SmartWater comes in three variants, "Index Solutions", "Indsol Tracer" and "SmartWater Instant", which use different techniques to embed such a code. According to Phil Cleary, this allows "millions of chemical signatures" and, in terms of its use as an asset protection system, is an identifier superior to DNA fingerprinting .

The "Index Solutions" variant is a water based solution containing low level additives, which are blended using a binary sequence to ensure uniqueness. The Index Solution is contained within a spray system that is activated by an intruder detection unit, similar to a burglar alarm, and marks the intruder with a spray, which the police locate using a black (UV) light.

The "Indsol Tracer" variant is a polymer emulsion that blends different chemical agents according to a binary code allowing a billion different possibilities, as stated by the company.

The "SmartWater Instant" variant consists mainly of a copolymer of vinyl acetate in isopropyl alcohol. This fluid contains millions of tiny fragments; a unique number called "SIN" ("SmartWater identification number", registered in a national police database together with the owner's details) is encoded into each of those particles.

Uses and effectiveness 

In a speech to security professionals at the NEC in Birmingham in 2006, CEO Phil Cleary stated that 'Property marking initiatives are a waste of time and public money unless they're accompanied by an underlying strategy aimed at creating a sustainable deterrent'. Cleary went on to suggest that criminals would not be deterred by technology unless it had a successful track record of securing convictions in the criminal courts. The SmartWater company developed a crime reduction programme, called 'The SmartWater Strategy'.

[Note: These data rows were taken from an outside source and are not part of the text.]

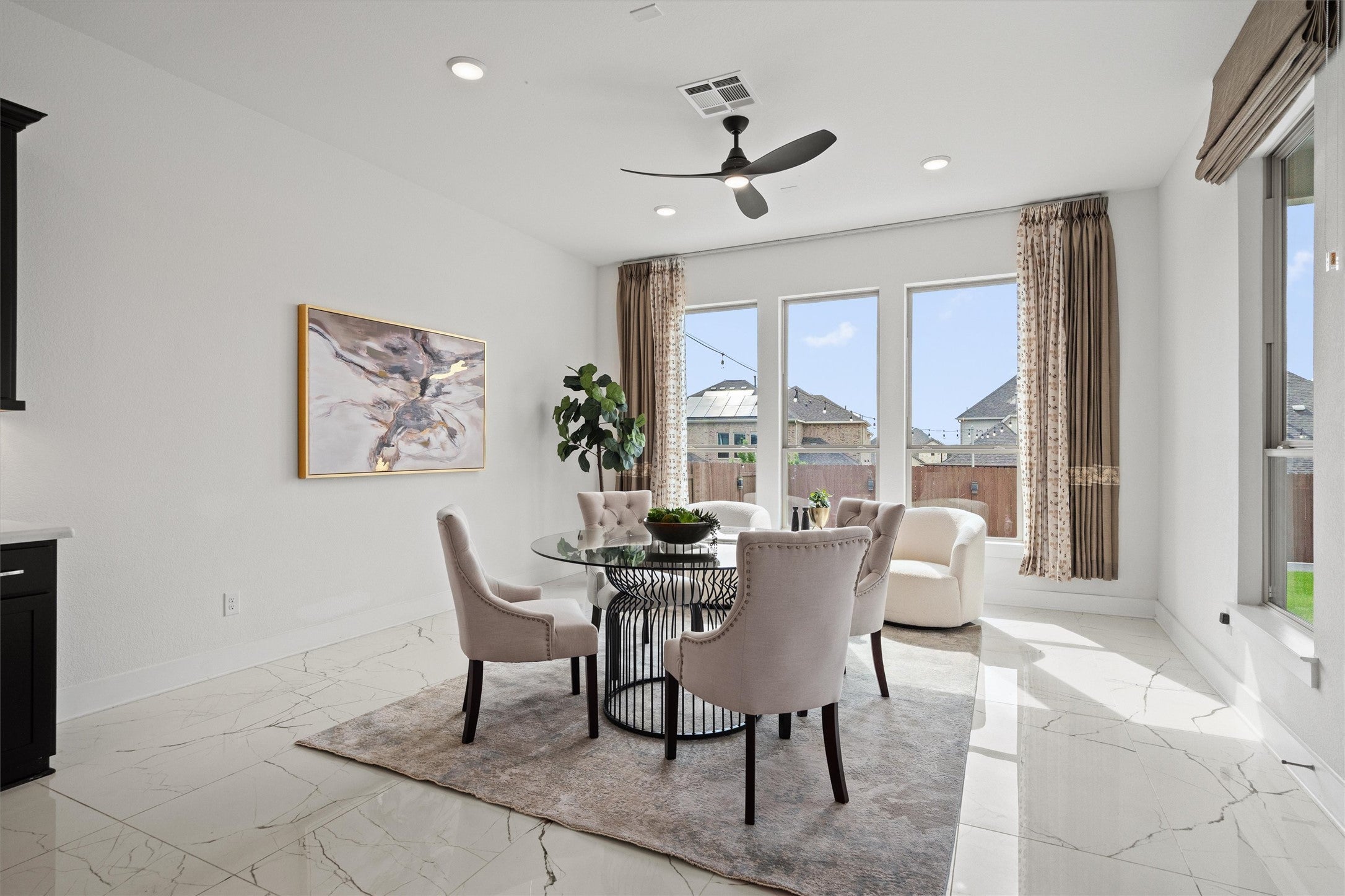 Welcome to a home that truly has it all—space, style, and a flexible layout. Built in 2021 by Taylor Morrison and spanning an impressive 5,187 square feet, this exceptional six-bedroom, four-and-a-half-bath residence in Vizcaya offers luxury, functionality, and modern design. Notice the expansive layout that make this home ideal for multi-generational living, entertaining, and everyday comfort. At the heart of the home is a stunning gourmet kitchen, featuring an oversized island, sleek quartz countertops, a six-burner gas cooktop, and stainless steel appliances. This space flows seamlessly into a large and bright breakfast area—perfect for gatherings both big and small. A butlers pantry and formal dining room add elegance for special occasions. Work from home with ease in the private office, while the upstairs loft and movie theater create the ultimate retreat for relaxation and entertainment. The flexible floor plan includes two spacious bedrooms with en suite bathrooms on the main level—ideal for guests or multi-generational living. Upstairs, you’ll find additional generously sized bedrooms and plenty of room to spread out. The spacious primary bedroom downstairs is a true retreat and the large bathroom conveys a spa like feel. It features two walk-in closets – one of them connecting to the laundry room for added convenience. Step outside to enjoy a large covered back porch overlooking the backyard—an inviting space to unwind, entertain, or simply enjoy the Texas evenings. Additional highlights include: No carpet throughout, ceiling fans in every bedroom and the office, abundant natural light. Located in the highly sought-after Vizcaya community, residents enjoy access to resort-style amenities including a pool, sports courts, and playgrounds. The home is conveniently situated near public schools, reputable charter schools, college campuses, major hospitals, shopping, dining, and provides quick access to highways for an easy commute to major employers.
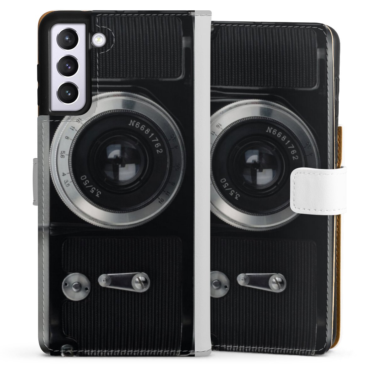 For our Sideflip Case we are using our advanced direct printing technology. The back and frontside are fully printabale, the inside of the phone bag is left unprinted. You can order the phone case without print, printed completely or also with a partial print.
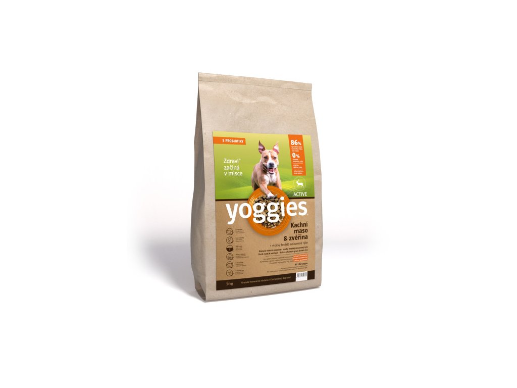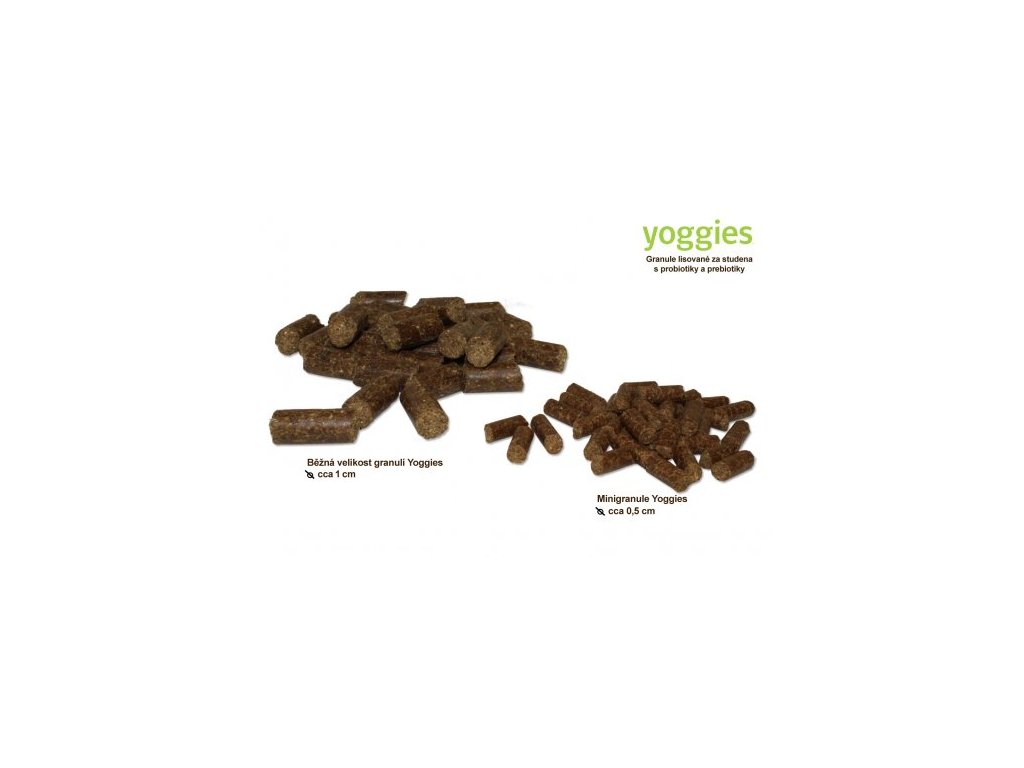 Za studena lisované granule Yoggies obsahují 87 % kvalitního masa před sušením – tzn. před ztrátou vody, která se v masu přirozeně vyskytuje. Po vysušení masa se tak objem zredukuje na cca 35-40 % celkové původní váhy. Probiotika v granulích podporují imunitu i zdravý trávicí trakt. Jsou výborně stravitelné a nebobtnají (potlačují riziko torze žaludku).
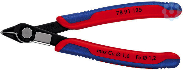 78 91 125 Electronic Super Knips® Präzisionszangen für feinste Schneidarbeiten, z. B. in Elektronik und Feinmechanik. Geschliffene, sehr scharfe Schneiden ohne Facette. Exakt geformte Spitzen schneiden auch anliegende Drähte ab Ø 0,2 mm. Scherschnitt mit kontrolliertem Micro-Schneidkantenversatz für lange Lebensdauer und ultrapräzisen Schnitt auch dünnster Drähte. Gelenk mit Edelstahlniet. Extrem leichter Gang für ermüdungsarmes Arbeiten. Mit Öffnungsfeder und Öffnungsbegrenzung. präzisionsgeschliffene Schneiden mit sehr kleiner Facette auch für harten Draht. mit Drahtklemme - kein unkontrolliertes Wegspringen der Drahtabschnitte. Schneiden zusätzlich induktiv gehärtet, Schneidenhärte ca. 64 HRC. Spezial-Werkzeugstahl, brüniert. - Schneidwerte mittelharter Draht (Durchmesser): Ø 1,2mm - Schneidwerte harter Draht (Durchmesser): Ø 0,6mm - Schneidwerte weicher Draht (Durchmesser): Ø 0,2???1,6mm - Backenlänge (B): 9mm - Backendicke (am Gelenk) (D): 7,5mm - Kopfbreite (A): 13,5mm
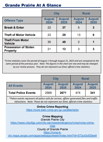 The Grande Prairie RCMP detachment has released its rough crime statistics for August 2025.
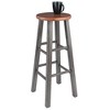 Bring a little farmhouse to your den, kitchen or family room seating area with the versatile Winsome Wood Ivy Bar Stool. With a teak finished seat and rustic gray frame, this weathered finish brings out the warm, handcrafted feel of the solid wood and will look right at home with either traditional or country decor. Featuring high and low crossbars on all four sides, for stability and comfort making this stool not only attractive but also very functional. The already assembled, square legs and 12” round seat have a sturdy built and hold a static weight of 220lbs. Ideal for extra seating when company comes over, pull up a stool then set it aside and use as a stand. The simple but still appealing rustic edge of this stool allows it to be used as a side piece to display a small plant, lantern, or a vase. The Winsome Ivy collection is available in other rustic finishes and like most Winsome stools it’s available in both bar and counter height. Conveniently packed and shipped in one box and is ready to use, no assembly is required.
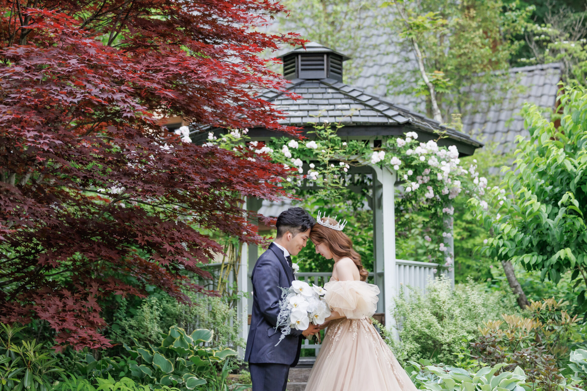 愛が実る日のフィナーレは 新緑を潤す雨の中で幻想的に♥
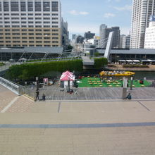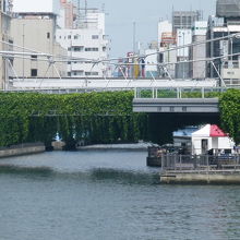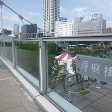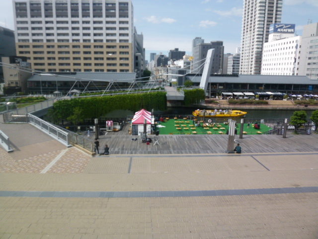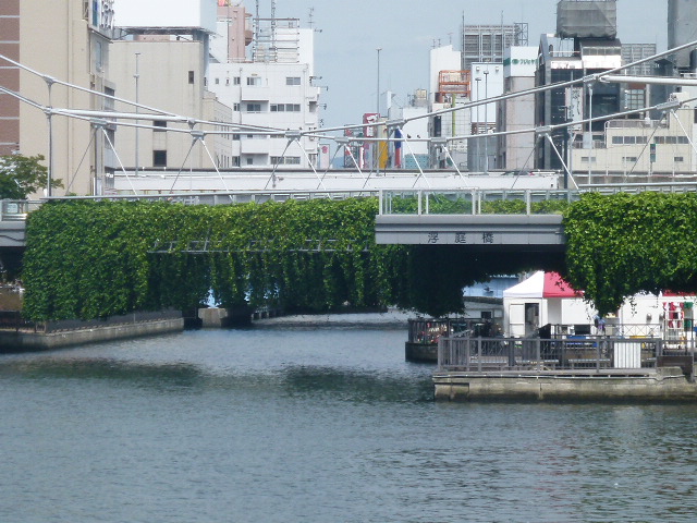 道頓堀川沿いを道頓堀橋から西へ散策しています。すると緑に包まれた橋があります、これが「浮庭橋」です、さらには真っ直ぐな橋ではなく、何ヶ所か、くの字になっています。面白いですね。時にはイベントが開催されるのでしょうか、ちょっとした会場もありますね。また遊覧船のUターン場所にもなっているようです。落ち着ける場所です立ち寄ってくださいね。
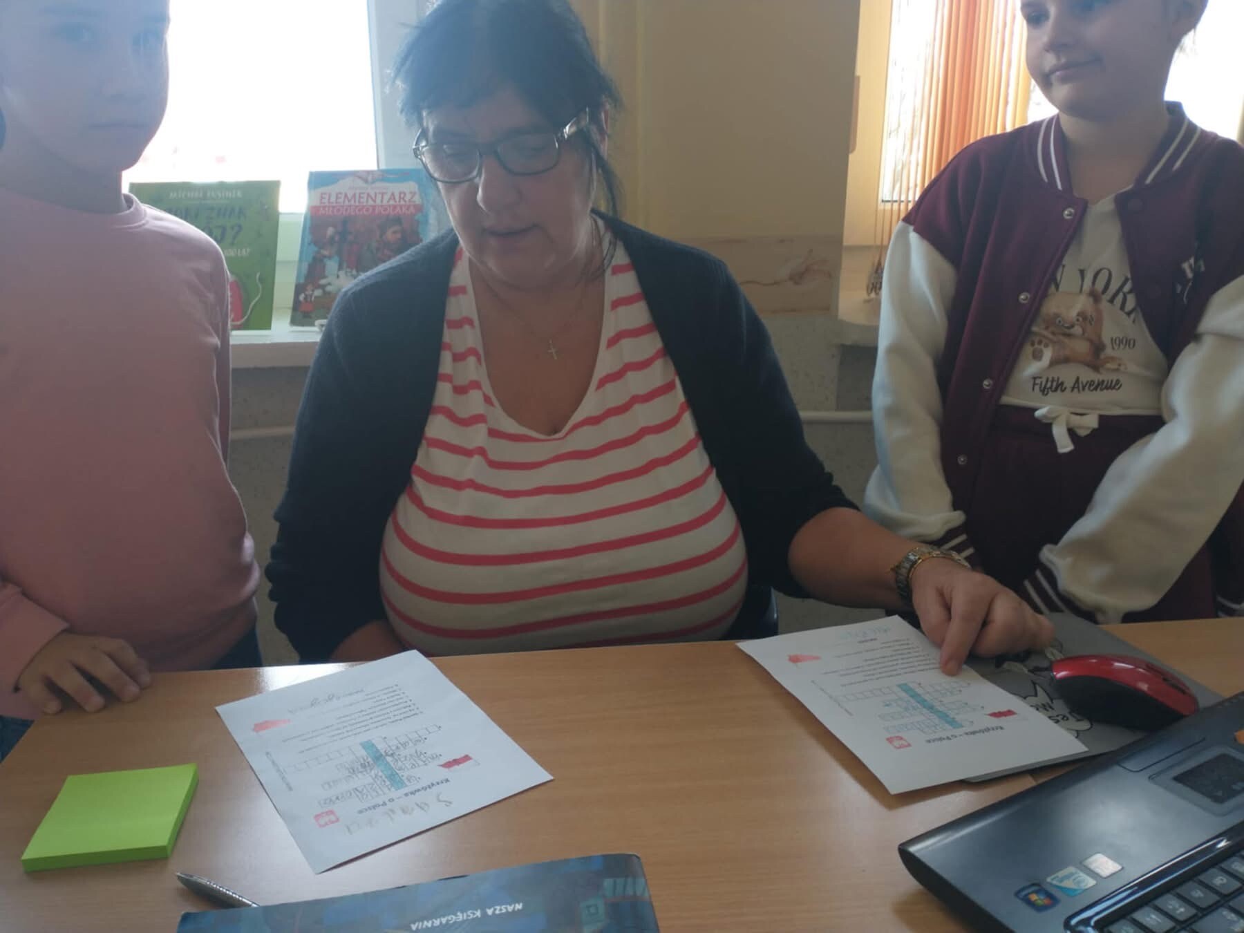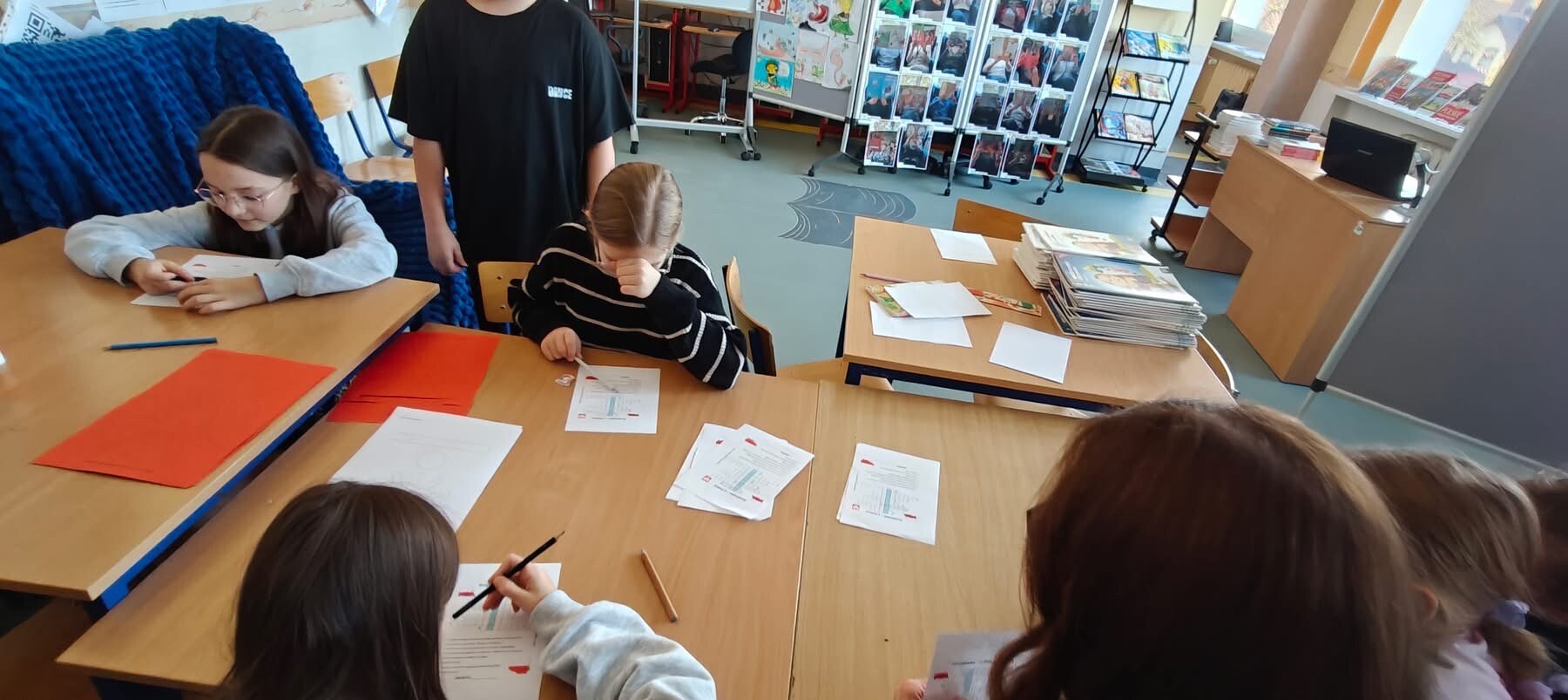 Uczniowie klas 2 i 3 aktywnie włączyli się w świętowanie rozwiązując baśniowe krzyżówki.
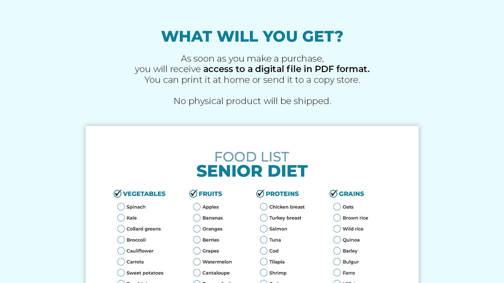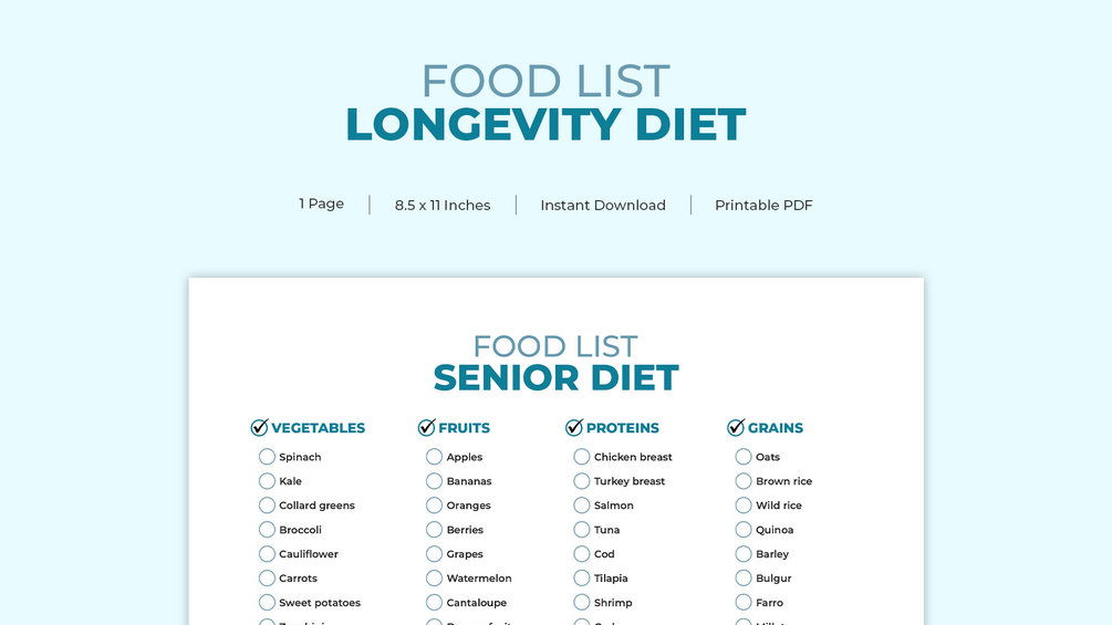 The 100+ Senior Food List is a digital resource designed to help older adults maintain energy, support heart health, and promote overall wellness by providing a comprehensive list of nutritious foods. The product is available in a high-quality, non-editable PDF format (letter size 8.5 x 11 inches) for personal use only and is available for instant digital download. It can be printed on a personal computer or through a local printing service; however, no physical product will be shipped. Due to the nature of the product, returns, refunds, and exchanges are not available.

In 2008, a research paper into the efficacy of SmartWater was published by a team led by Professor Martin Gill. Gill interviewed criminals and asked whether the presence of SmartWater would deter them from burglary, with 74% saying it would. The paper was later criticised; according to an academic study carried out by the Centre for Operational Police Research, University of Warwick, the research paper was not an academic study, was paid for by the company and had an unclear methodology.

In 2012, SmartWater presented their strategy to officers of the Metropolitan Police, who decided to test SmartWater's concept under controlled conditions. Consequently, a 'proof of concept' trial was initiated in 2013.  SmartWater operated in the London Borough of Brent and, following six months of formal assessment, announced an 85% reduction in household burglary.

The Centre for Operational Police Research in their study said that the 'proof of concept trial' suffered from the same deficiencies as the paper by Professor Martin Gill. They added that the use of SmartWater may not be causal in the reduction in burglaries and could be explained by an increase in police resources in the area.

In 2017, SmartWater became accredited as being compliant with the UK Government's Forensic Science Regulator's Codes of Practice, which became a lawful requirement in April 2021. Evidence adduced at Court that is not so accredited risk being ruled inadmissible.

SmartWater's is accredited with the United Kingdom Accreditation Service. It is solely accredited for the finding and analysis of SmartWater products. It is the company's testing facilites and processes that are accredited, not their products.

Corporate History

During the period from 2016 to 2019, SmartWater started an M&A programme culminating in the acquisition of PID Systems Ltd of Prestwick, Scotland and created the SmartWater Group Limited, comprising SmartWater Technology Limited, PID Systems Ltd, The SmartWater Foundation Ltd and the Centre for Infrastructure and Asset Protection, the Company's intelligence arm which provides crime pattern analysis for the UK police service. 

In 2020 the private equity house Freshstream bought a majority stake in the SmartWater Group Limited, with information filed at Companies House indicating a valuation of approximately £150m.

Founders 

Mike Cleary fully retired when Freshstream joined the Company and Phil Cleary stayed as CEO for a further eighteen months to aid the integration process, until retiring in December 2021.  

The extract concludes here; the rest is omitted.